Thursday, September 9, 2010

Rio Grande contest judging standards

With my entry in the Rio Grande game contest sent out, I'm eagerly awaiting the results.  The judging is based on total points in a number of equally rated categories:
  • Decision Driven (How much is the winner determined based on their decisions, as opposed to luck factors?)
  • Originality
  • Wait Time (How much time do you spend without interacting with the game/other players?)
  • Unpredictability (How often is the outcome of a turn/round known before it ends?)
  • Broad Appeal (Would you teach this to someone who is not a serious game player?)
  • Replayable (Do you want to play it again soon?)
  • Interactive (Do the player decisions impact other players?)
  • Equal Opportunity (Does every player have an equal chance of winning regardless of turn order/role?)
  • Fun 
  • Simple to Learn (the rules were clearly stated and communicated)
Scale for each criterion is set at 1-5. For each criterion that does not positively or negatively impact the game (or simply doesn't apply), the criterion is scored at 3. If a criterion does impact the game, the score is adjusted positively or negatively and a note/comment is made to explain the decision.

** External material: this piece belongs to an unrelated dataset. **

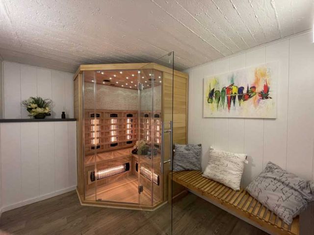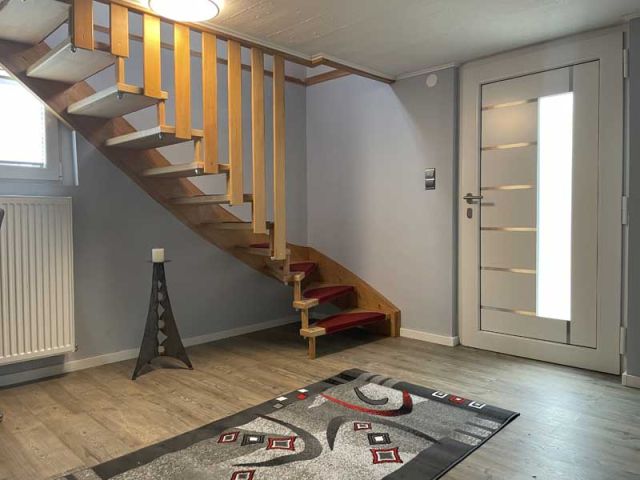 Im Untergeschoss befindet sich der Eingang zum Ferienhaus. Im großen Eingangsbereich ist die Garderobe, ein kleiner Arbeitsplatz und eine Infrarotsauna untergebracht.

That's actually an interesting way to judge the contest.  Obviously, the intent is to get a "good" game out of the competition.  But that's very subjective; a Scrabble fiend might hate Settlers of Cataan, and a chess player might despise Monopoly and vice versa.  Breaking it into the ratings above is maybe useful, but weighting them equally is maybe misleading; I'd value "Fun" and "Replayable" as far higher priorities than most of the others.  You could put together a snoozer of a game that scored well in 8 of 10 categories but got a 1 in Fun and Replayable, and it would stand a better chance of winning than a wildly fun game that wasn't, say, as interactive or original or balanced.

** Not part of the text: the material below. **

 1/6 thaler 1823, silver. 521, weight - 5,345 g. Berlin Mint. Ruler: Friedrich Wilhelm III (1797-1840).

This comment by Mark Salzwedel on BGG tries to get deeper into the categories, and it sounds like he's even providing guidelines for the judges at his regional contest.  I think that's a good idea, although tricky to standardize; I have no idea if they'll do something similar to that at the Memphis regional, where my game will be.  He worries that the "Decision Driven" category is a problem - since some folks like more luck and others more strategy, maybe a 3 is the desired outcome, but I think that ignores the instructions at the bottom, where you're actually supposed to rate from 1-5 depending on the impact of luck on the game itself, not on the amount of luck actually involved.

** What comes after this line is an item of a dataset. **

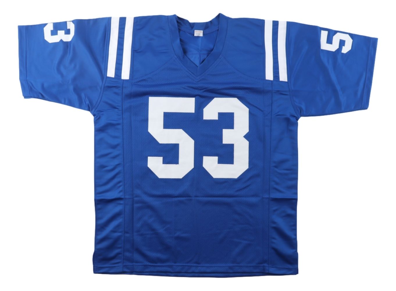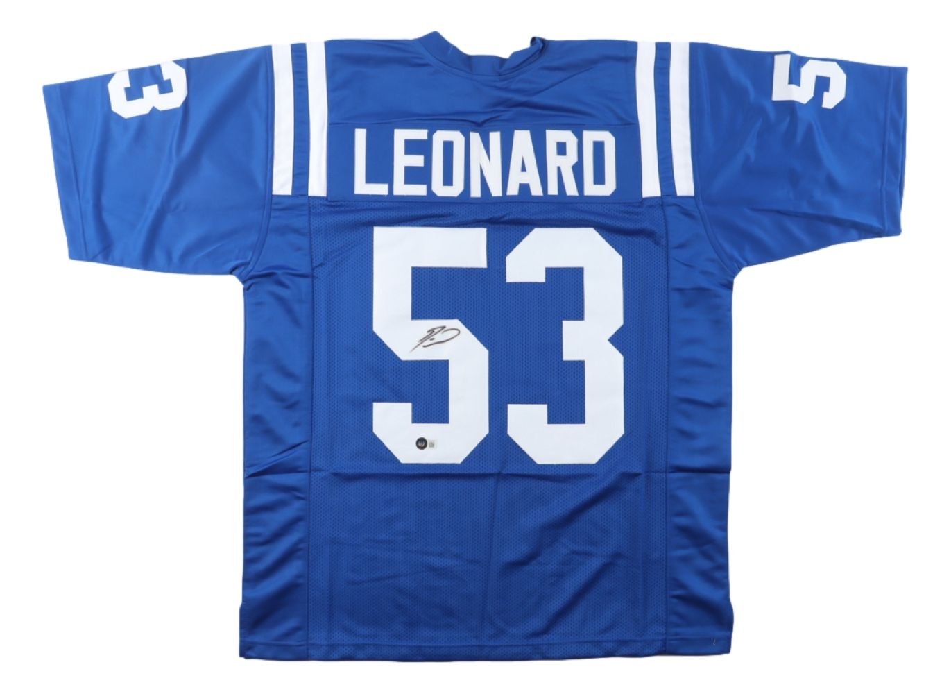Featured is a Darius Leonard signed custom football jersey. This jersey has been hand signed by Leonard and comes with the Beckett hologram and certificate of authenticity. This jersey features professionally sewn letters and numbers and is size XL. This jersey has no team tags or emblems and is intended as a sports collectible. This jersey would make a great addition to any sports memorabilia collection!.

For Yoggity, my entry, I think the framework above might actually help me, since the game's strengths are a reasonable fit with the categories.  My game is more of a family game, and some of the other entries in my regional contest (shown here) look a bit like heavier wargames, although you can't tell too much from the pictures.  Games like that, even if they're awesome, are going to be more likely to lose points in the Broad Appeal and Simple to Learn (and often Wait Time and Replayable) categories.

Of course, it will all be up to the volunteer judges and how they decide to apply the categories, so there's no sense worrying too much, but it's interesting to ponder.